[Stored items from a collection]
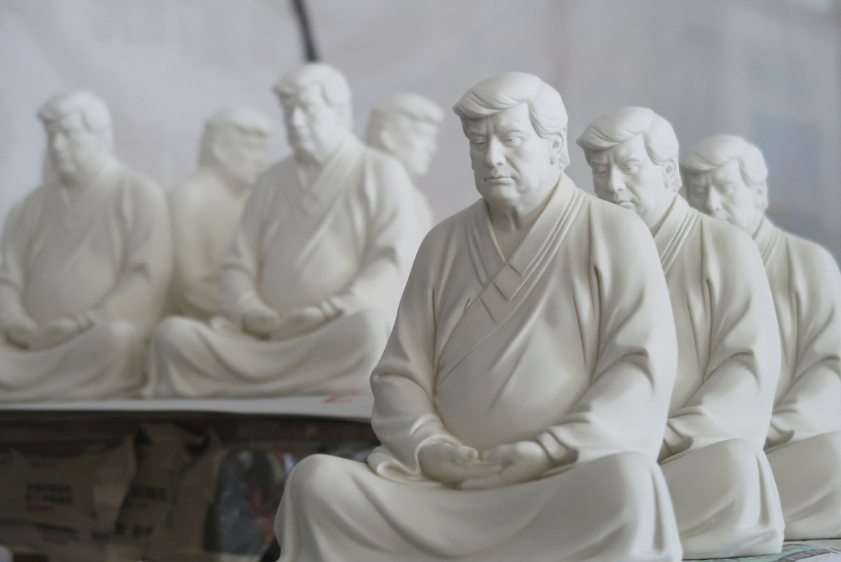 Six months on, Hong's amusing hobby has turned into a small side-hustle, with a workshop in the town of Dehua in Fujian province on track to produce an inaugural batch of 250 statues of Trump dressed in Buddhist robes with his legs crossed.
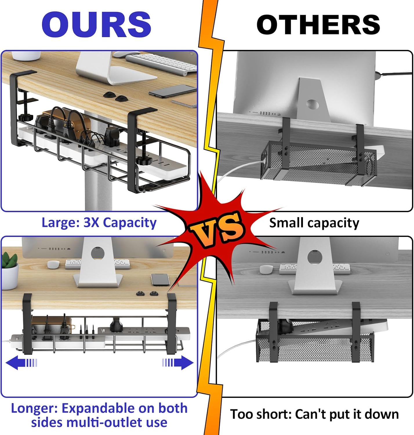 - TIDY & CLEAN DESK SPACE : REFLYING Wire management under desk makes your working space more tidy, no more messy wires and power strip, this desk cable tray is quiet different from old under desk cable organizer, more helpful, useful and more long-lasting
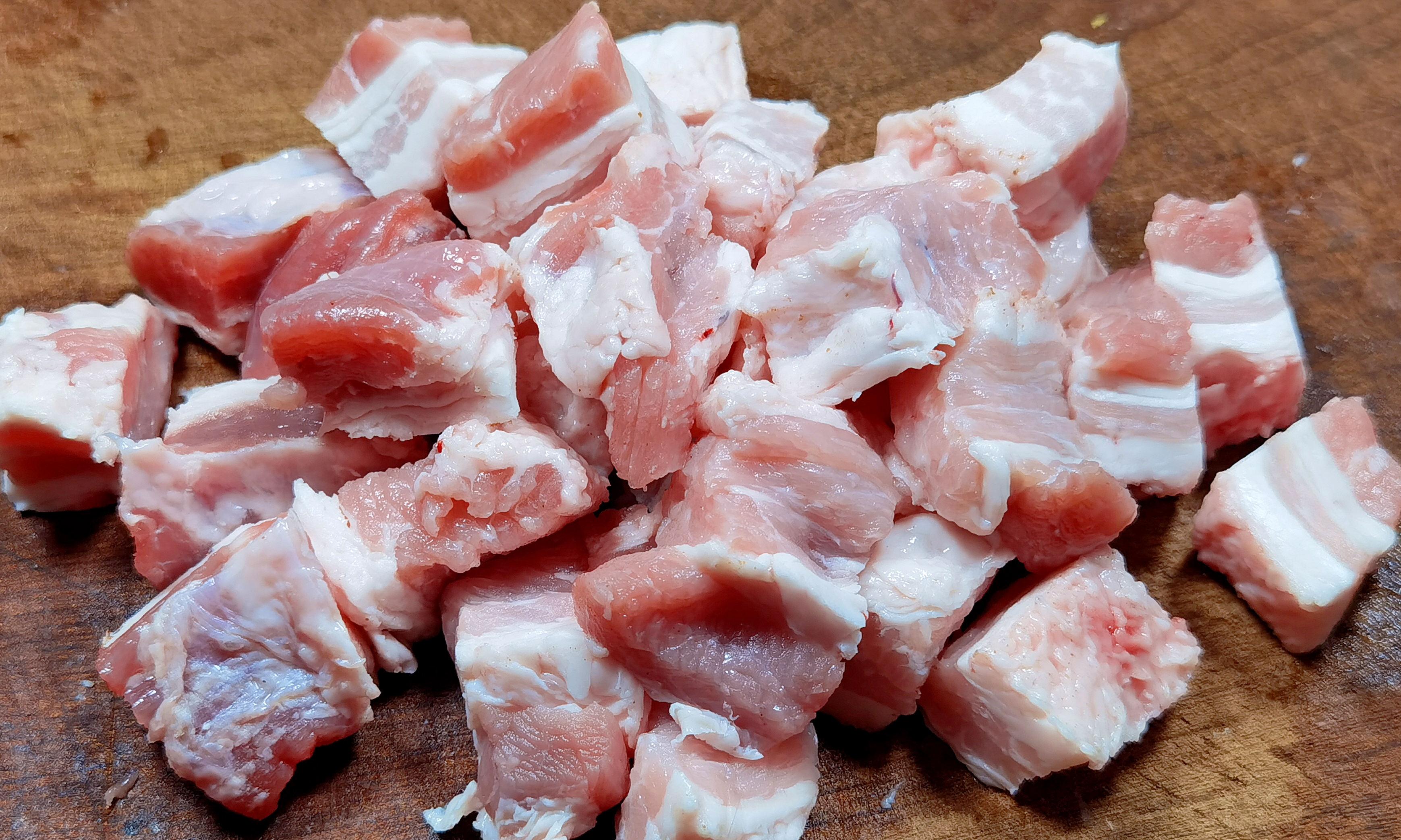 2.五花肉洗淨,切成麻將塊大小。切完之後,有個關鍵步驟:冷水下鍋焯水。肉塊和涼水一起入鍋,加1湯匙料酒和幾片姜,開大火煮。水開後,浮沫會慢慢出來,用勺子耐心撇乾淨。焯個兩三分鐘,肉色變了就撈出來,用溫水沖洗掉表面的浮沫,瀝乾。這樣處理過的肉,燉出來不腥,湯也清亮。
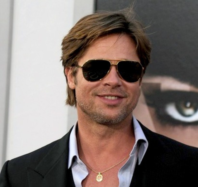 Интересный персонаж. Частая смена стрижки заставляет дам следить за трансформациями Питта, а солнцезащитные очки-авиаторы привлекают внимание и вызывают желание взглянуть собеседнику в глаза. Кроме того, у Питта безупречный стиль в целом – берем пример.
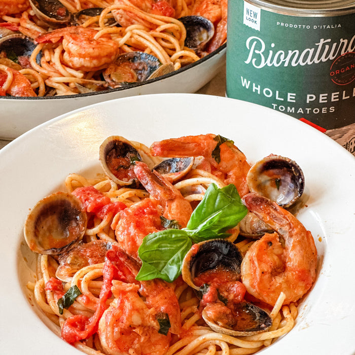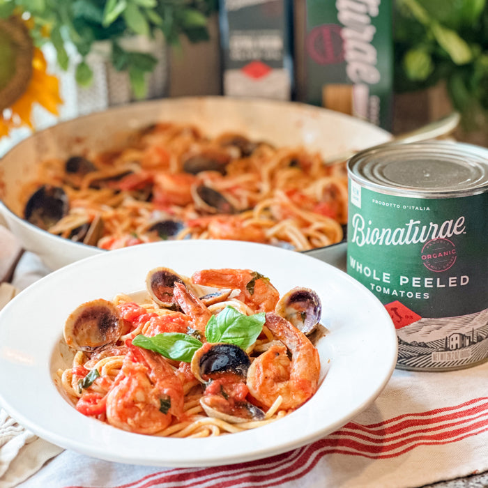 Recipe by Dena Fenza. Spaghetti with Clams and Shrimp sauce is an easy pasta dish that will wow any seafood lover in your home. Ready in under 40 minutes, this recipe is stunning enough for a holiday dish, but quick enough for a weeknight meal. Be sure to serve with crusty bread—it’s hard to resist dunking into the sweet, delicious sauce before you even boil the pasta!
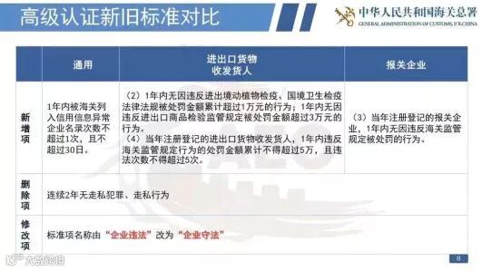 原标准中,所有赋分标准项均没有不达标(-2分)情形以及认证标准总分在95分(含本数)等要求得到了延续,此外,新认证标准还增加了内部控制、贸易安全两类标准中没有单一标准项基本达标(-1分)超过3项的情形,规范改进则被取消,此举也意味着,认证过程中企业不能借助规范改进达标。

# Brief:
Above are some records. Output exactly the lines from the one that contains "2.五花肉洗淨,切成麻將塊大" to the one that contains "Интересный персонаж. Частая", keeping both, and omit the pictures.

# Your solution:
 2.五花肉洗淨,切成麻將塊大小。切完之後,有個關鍵步驟:冷水下鍋焯水。肉塊和涼水一起入鍋,加1湯匙料酒和幾片姜,開大火煮。水開後,浮沫會慢慢出來,用勺子耐心撇乾淨。焯個兩三分鐘,肉色變了就撈出來,用溫水沖洗掉表面的浮沫,瀝乾。這樣處理過的肉,燉出來不腥,湯也清亮。
 Интересный персонаж. Частая смена стрижки заставляет дам следить за трансформациями Питта, а солнцезащитные очки-авиаторы привлекают внимание и вызывают желание взглянуть собеседнику в глаза. Кроме того, у Питта безупречный стиль в целом – берем пример.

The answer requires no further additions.